> _Available records_
= Beginning of Section =
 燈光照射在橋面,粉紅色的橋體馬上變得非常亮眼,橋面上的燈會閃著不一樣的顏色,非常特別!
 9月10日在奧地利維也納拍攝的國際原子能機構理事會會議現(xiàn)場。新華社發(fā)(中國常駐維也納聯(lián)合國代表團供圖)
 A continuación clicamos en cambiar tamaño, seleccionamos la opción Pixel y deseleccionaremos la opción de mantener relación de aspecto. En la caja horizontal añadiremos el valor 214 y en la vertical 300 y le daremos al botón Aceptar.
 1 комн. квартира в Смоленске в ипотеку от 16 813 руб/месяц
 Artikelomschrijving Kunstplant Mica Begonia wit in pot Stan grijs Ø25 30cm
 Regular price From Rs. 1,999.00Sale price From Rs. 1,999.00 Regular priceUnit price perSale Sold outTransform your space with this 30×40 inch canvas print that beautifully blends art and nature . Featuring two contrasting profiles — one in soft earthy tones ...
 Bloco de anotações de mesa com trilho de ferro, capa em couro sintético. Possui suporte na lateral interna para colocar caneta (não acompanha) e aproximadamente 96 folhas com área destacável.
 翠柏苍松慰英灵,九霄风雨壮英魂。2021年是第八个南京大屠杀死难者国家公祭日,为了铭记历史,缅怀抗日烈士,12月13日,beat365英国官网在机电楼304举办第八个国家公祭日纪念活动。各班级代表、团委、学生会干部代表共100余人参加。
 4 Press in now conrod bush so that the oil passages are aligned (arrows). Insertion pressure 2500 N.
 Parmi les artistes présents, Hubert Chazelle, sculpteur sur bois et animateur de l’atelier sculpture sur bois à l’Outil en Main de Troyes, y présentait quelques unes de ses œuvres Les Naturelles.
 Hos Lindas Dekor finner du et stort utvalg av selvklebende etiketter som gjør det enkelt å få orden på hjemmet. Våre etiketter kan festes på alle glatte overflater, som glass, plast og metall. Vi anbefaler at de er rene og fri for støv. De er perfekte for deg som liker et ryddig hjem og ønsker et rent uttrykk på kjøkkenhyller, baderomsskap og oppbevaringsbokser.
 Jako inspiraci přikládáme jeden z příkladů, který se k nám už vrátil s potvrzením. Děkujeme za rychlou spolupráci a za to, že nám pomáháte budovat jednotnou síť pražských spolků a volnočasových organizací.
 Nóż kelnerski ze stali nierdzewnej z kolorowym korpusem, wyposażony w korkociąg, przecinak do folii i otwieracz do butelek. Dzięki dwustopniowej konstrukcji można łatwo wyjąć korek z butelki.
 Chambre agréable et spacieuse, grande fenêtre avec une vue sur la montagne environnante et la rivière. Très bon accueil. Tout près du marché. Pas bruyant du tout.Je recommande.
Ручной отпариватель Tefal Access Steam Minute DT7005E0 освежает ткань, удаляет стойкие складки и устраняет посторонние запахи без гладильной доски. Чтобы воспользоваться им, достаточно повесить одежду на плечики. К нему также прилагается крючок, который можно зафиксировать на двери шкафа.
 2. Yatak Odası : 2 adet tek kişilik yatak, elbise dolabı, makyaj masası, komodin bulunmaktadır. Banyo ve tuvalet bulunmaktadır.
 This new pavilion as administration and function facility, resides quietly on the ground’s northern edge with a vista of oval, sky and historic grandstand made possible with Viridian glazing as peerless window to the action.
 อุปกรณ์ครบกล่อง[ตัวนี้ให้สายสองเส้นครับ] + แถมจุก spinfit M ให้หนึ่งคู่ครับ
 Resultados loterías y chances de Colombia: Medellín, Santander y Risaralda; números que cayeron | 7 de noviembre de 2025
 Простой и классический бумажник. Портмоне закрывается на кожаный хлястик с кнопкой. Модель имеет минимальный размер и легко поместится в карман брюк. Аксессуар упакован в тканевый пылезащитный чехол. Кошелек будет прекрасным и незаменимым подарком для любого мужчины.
= End of Section =
> _Your objective_
Please reproduce, exactly as they appear above, the lines from the line containing "翠柏苍松慰英灵,九霄风雨壮英" up to and including the line containing "อุปกรณ์ครบกล่อง[ตัวนี้ให้สายสองเส้นครับ] + แถมจุก".

> _Completed exercise_
 翠柏苍松慰英灵,九霄风雨壮英魂。2021年是第八个南京大屠杀死难者国家公祭日,为了铭记历史,缅怀抗日烈士,12月13日,beat365英国官网在机电楼304举办第八个国家公祭日纪念活动。各班级代表、团委、学生会干部代表共100余人参加。
 4 Press in now conrod bush so that the oil passages are aligned (arrows). Insertion pressure 2500 N.
 Parmi les artistes présents, Hubert Chazelle, sculpteur sur bois et animateur de l’atelier sculpture sur bois à l’Outil en Main de Troyes, y présentait quelques unes de ses œuvres Les Naturelles.
 Hos Lindas Dekor finner du et stort utvalg av selvklebende etiketter som gjør det enkelt å få orden på hjemmet. Våre etiketter kan festes på alle glatte overflater, som glass, plast og metall. Vi anbefaler at de er rene og fri for støv. De er perfekte for deg som liker et ryddig hjem og ønsker et rent uttrykk på kjøkkenhyller, baderomsskap og oppbevaringsbokser.
 Jako inspiraci přikládáme jeden z příkladů, který se k nám už vrátil s potvrzením. Děkujeme za rychlou spolupráci a za to, že nám pomáháte budovat jednotnou síť pražských spolků a volnočasových organizací.
 Nóż kelnerski ze stali nierdzewnej z kolorowym korpusem, wyposażony w korkociąg, przecinak do folii i otwieracz do butelek. Dzięki dwustopniowej konstrukcji można łatwo wyjąć korek z butelki.
 Chambre agréable et spacieuse, grande fenêtre avec une vue sur la montagne environnante et la rivière. Très bon accueil. Tout près du marché. Pas bruyant du tout.Je recommande.
Ручной отпариватель Tefal Access Steam Minute DT7005E0 освежает ткань, удаляет стойкие складки и устраняет посторонние запахи без гладильной доски. Чтобы воспользоваться им, достаточно повесить одежду на плечики. К нему также прилагается крючок, который можно зафиксировать на двери шкафа.
 2. Yatak Odası : 2 adet tek kişilik yatak, elbise dolabı, makyaj masası, komodin bulunmaktadır. Banyo ve tuvalet bulunmaktadır.
 This new pavilion as administration and function facility, resides quietly on the ground’s northern edge with a vista of oval, sky and historic grandstand made possible with Viridian glazing as peerless window to the action.
 อุปกรณ์ครบกล่อง[ตัวนี้ให้สายสองเส้นครับ] + แถมจุก spinfit M ให้หนึ่งคู่ครับ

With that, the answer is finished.